Nous avons approché des experts en la matière pour avoir un plus grand éclairage sur cette formule. Suivant un haut responsable de l’Autorité de l’aviation civile (AAC) qui a préféré s’exprimer sous le sceau de l’anonymat, l’exploitation aérienne est régie par des normes et règlementations internationales. ll n’est pas donné à tout transporteur aérien d’opérer n’importe où et comme bon lui semble.

            Dans le cas d’espèce, Air France ne peut pas exploiter plus d’un point à l’intérieur d’un pays étranger à la France. Cela tombe sous le coup du cabotage sévèrement interdit par la Convention de Chicago. Tout au plus, si Air France veut aider la RDC à résoudre cette équation de l’exploitation des vols domestiques, elle doit s’associer à la compagnie aérienne nationale existante pour opérer en son nom. En clair, elle doit travailler en synergie avec LAC (Lignes aériennes congolaises). A défaut, si la RDC passe outre cette restriction, elle sera obligée de l’accorder à tous les autres transporteurs étrangers qui en feraient la demande.

            Du côté de la compagnie aérienne nationale, la situation est suivie de très près par la Délégation syndicale nationale et celle du siège. Le Président Jean Lalu Telamambu est descendu en nos bureaux pour nous faire part de sa vision du dossier.

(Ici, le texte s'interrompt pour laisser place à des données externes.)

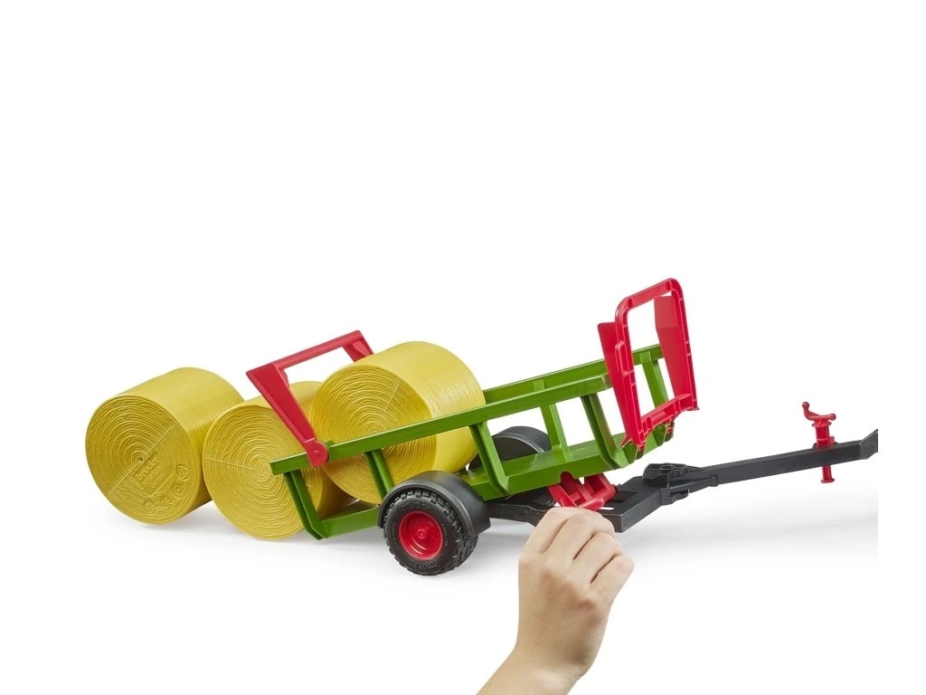 La remorque pour balles BRUDER est un modèle détaillé à l’échelle 1:16 qui permet aux enfants d’imiter de véritables opérations agricoles. Grâce au déport latéral de la barre d’attelage, les balles peuvent être facilement guidées vers le mécanisme de ramassage et déposées en toute sécurité sur la plateforme de chargement. Pour le déchargement, il suffit d’ouvrir les verrous et de basculer la plateforme – les balles sont en un instant de retour au sol.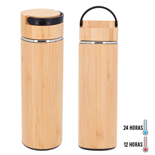 termo insulado al vacío con acabado de bambú, doble pared de acero inoxidable, rejilla metálica y tapa enroscable con asa de plástico.
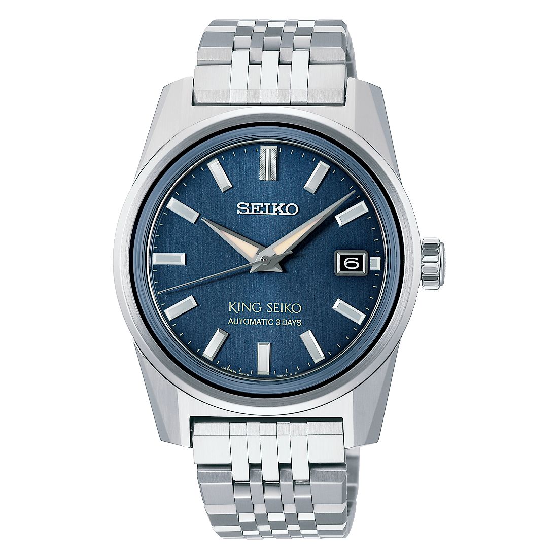 ダイヤルカラーは、キングセイコーが国産機械式時計の進化を牽引した1960~70年代のカルチャーから着想を得て、チャコールブラック、インディゴブルー、オリーブグリーンの3種類を採用しています。ダイヤルには縦方向のヘアライン仕上げを施すことで、経年変化したような味わいを表現しました。

            Selon ce cadre des Lignes aériennes congolaises, les dirigeants de LAC ont toujours proposé le partenariat matériel et financier bien négocié avec des partenaires crédibles, notamment des transporteurs aériens de grande notoriété, comme l’une des voies de sortie pour la relance du transporteur aérien national. Si aujourd’hui Kenya Airways est parmi les compagnies les mieux cotées du continent, cela est dû à son partenariat du genre avec la compagnie KLM. Et pourtant, au début, le bulletin de santé de Kenya Airways était plus alarmant que celui présenté par LAC aujourd’hui.

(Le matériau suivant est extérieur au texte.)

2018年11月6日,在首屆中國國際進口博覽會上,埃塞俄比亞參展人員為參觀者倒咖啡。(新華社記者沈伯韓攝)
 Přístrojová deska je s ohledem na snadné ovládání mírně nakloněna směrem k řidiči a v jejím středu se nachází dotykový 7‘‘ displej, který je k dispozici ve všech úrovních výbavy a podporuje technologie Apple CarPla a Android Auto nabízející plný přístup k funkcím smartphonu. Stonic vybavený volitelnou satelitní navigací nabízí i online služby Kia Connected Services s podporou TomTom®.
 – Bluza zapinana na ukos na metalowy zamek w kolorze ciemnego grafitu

A ses dires, aujourd’hui Brussels Airlines en est à sa seconde faillite. Mais les autorités belges ne l’ont pas abandonnée pour autant. Elle est partie de la Sabena, en passant par SN Brussels. Son actionnaire majoritaire est la compagnie allemande LUFTHANSA qui détient plus de 30% du capital.

            Partout ailleurs dans le monde de l’aviation civile, des rassemblements s’opèrent pour la constitution de grands groupes commerciaux capables de faire face à la rude concurrence en offrant de meilleurs services à leurs clientèles. Ce qui est valable ailleurs peut aussi l’être en RDC, à condition qu’il y ait une volonté politique clairement affichée. Enfin,  il sied de noter que la création de nouvelles compagnies performantes s’opère avec des compagnies existantes et non pas ex nihilo ».

            Du côté politique, les observateurs avisés notent un rapprochement de la Rdc avec la France dans le domaine des transports. En effet, la compagnie urbaine de Transport TRANSCO a été confiée aux Français de la même manière que Bolloré lorgne vers la Société congolaise des transports et des ports, ex-Onatra. L’on ne serait pas surpris de voir Air France convoler en justes noces avec Lac.

            Un fait à signaler, à toutes les audiences accordées aux dirigeants des compagnies aériennes étrangères, on note une absence notoire de leurs collègues des Lignes aériennes congolaises, de même que celle des responsables de L’AAC. Quid ?                                   KIMP

One Comment

  1. Bien,je voulais dire tout simplement que vous ne comprenez rien de tout ce qui se passe.
    Surtout,le syndicaliste et le soit-disant expert de la AAC.
    Il ne s’agit pas de LAC SUITE mais,plutôt d’une nouvelle compagnie.Donc, au syndicaliste, surtout celui-ci …cité ci-haut et connu par ses méthodes, …qui a depuis endormi le personnel,de chercher à sauvegarder ce qui l’est encore.
    Au soit-disant expert : qu’il sachent qu’il n’ai pas le premier à connaitre cette HISTOIRE de cabotage,… ses amis experts … et conseillers de Matata connaissent cela.
    Sinon qu’il me dise par quelle formule KORONGO AIrlines exploite en RDC parcequ’il connait très bien que c’est un prolongement de SN Brussels.
    Ils ne sont les seuls à connaitre les tenants et les aboutissants des choses.
    Bref, ils sont de mauvaises foi.